--- Instructions to follow ---
A word-for-word copy of the entries is needed, and it should contain no images.

(Items from a data source)
════════

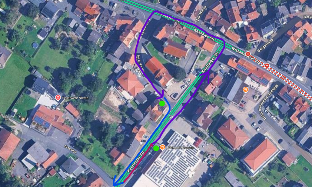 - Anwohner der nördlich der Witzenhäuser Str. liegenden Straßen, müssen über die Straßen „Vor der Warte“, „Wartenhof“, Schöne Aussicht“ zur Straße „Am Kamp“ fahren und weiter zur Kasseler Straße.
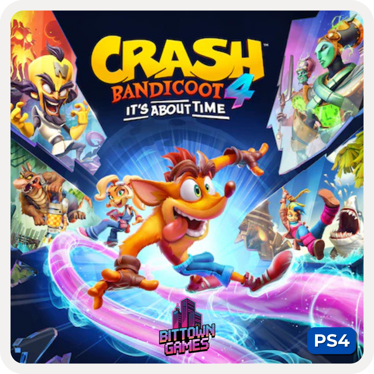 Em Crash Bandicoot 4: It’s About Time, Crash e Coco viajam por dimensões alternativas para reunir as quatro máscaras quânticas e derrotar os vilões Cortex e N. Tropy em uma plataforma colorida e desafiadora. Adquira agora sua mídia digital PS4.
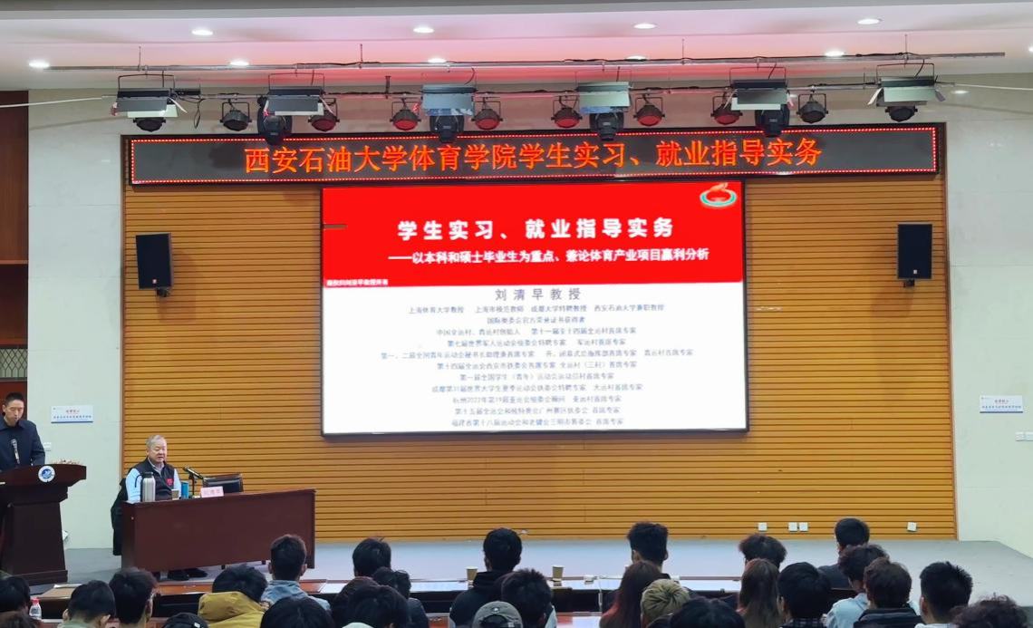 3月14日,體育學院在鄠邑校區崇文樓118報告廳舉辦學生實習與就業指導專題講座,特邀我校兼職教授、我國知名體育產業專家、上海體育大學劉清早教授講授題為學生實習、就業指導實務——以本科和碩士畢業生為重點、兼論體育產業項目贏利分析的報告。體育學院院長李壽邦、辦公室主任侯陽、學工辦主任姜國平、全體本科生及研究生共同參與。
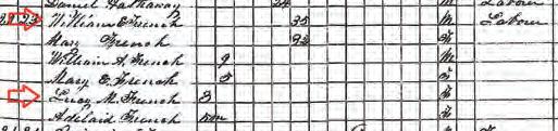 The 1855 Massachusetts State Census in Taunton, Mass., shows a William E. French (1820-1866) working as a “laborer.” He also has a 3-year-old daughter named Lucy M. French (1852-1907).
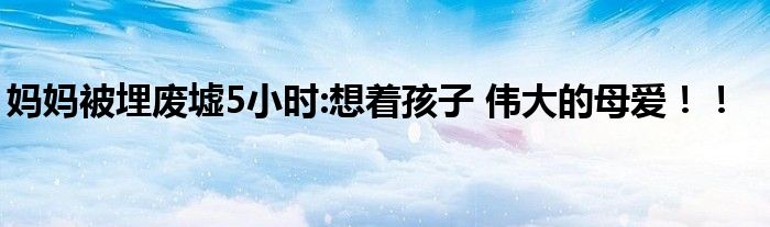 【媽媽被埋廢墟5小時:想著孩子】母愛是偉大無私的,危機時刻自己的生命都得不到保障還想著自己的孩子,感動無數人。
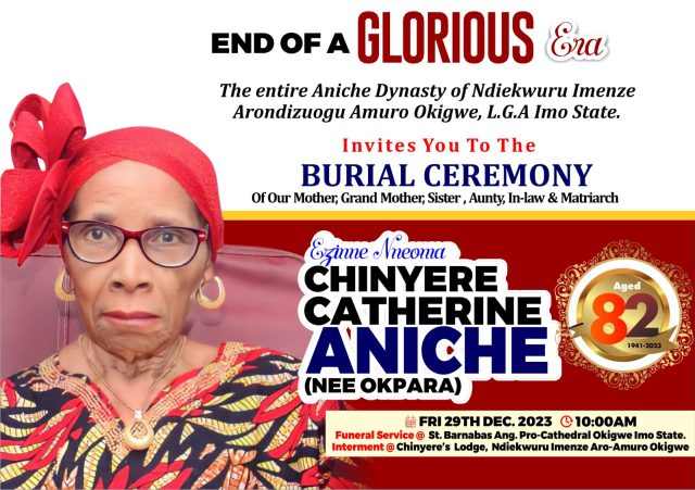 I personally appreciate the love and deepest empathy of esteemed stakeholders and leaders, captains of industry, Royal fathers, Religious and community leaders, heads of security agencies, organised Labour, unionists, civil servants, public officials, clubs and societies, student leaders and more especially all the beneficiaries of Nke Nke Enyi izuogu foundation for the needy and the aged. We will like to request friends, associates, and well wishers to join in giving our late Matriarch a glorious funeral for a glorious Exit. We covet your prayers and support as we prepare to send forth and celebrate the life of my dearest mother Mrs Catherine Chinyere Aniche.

════════

--- Result of this task ---
 - Anwohner der nördlich der Witzenhäuser Str. liegenden Straßen, müssen über die Straßen „Vor der Warte“, „Wartenhof“, Schöne Aussicht“ zur Straße „Am Kamp“ fahren und weiter zur Kasseler Straße.
 Em Crash Bandicoot 4: It’s About Time, Crash e Coco viajam por dimensões alternativas para reunir as quatro máscaras quânticas e derrotar os vilões Cortex e N. Tropy em uma plataforma colorida e desafiadora. Adquira agora sua mídia digital PS4.
 3月14日,體育學院在鄠邑校區崇文樓118報告廳舉辦學生實習與就業指導專題講座,特邀我校兼職教授、我國知名體育產業專家、上海體育大學劉清早教授講授題為學生實習、就業指導實務——以本科和碩士畢業生為重點、兼論體育產業項目贏利分析的報告。體育學院院長李壽邦、辦公室主任侯陽、學工辦主任姜國平、全體本科生及研究生共同參與。
 The 1855 Massachusetts State Census in Taunton, Mass., shows a William E. French (1820-1866) working as a “laborer.” He also has a 3-year-old daughter named Lucy M. French (1852-1907).
 【媽媽被埋廢墟5小時:想著孩子】母愛是偉大無私的,危機時刻自己的生命都得不到保障還想著自己的孩子,感動無數人。
 I personally appreciate the love and deepest empathy of esteemed stakeholders and leaders, captains of industry, Royal fathers, Religious and community leaders, heads of security agencies, organised Labour, unionists, civil servants, public officials, clubs and societies, student leaders and more especially all the beneficiaries of Nke Nke Enyi izuogu foundation for the needy and the aged. We will like to request friends, associates, and well wishers to join in giving our late Matriarch a glorious funeral for a glorious Exit. We covet your prayers and support as we prepare to send forth and celebrate the life of my dearest mother Mrs Catherine Chinyere Aniche.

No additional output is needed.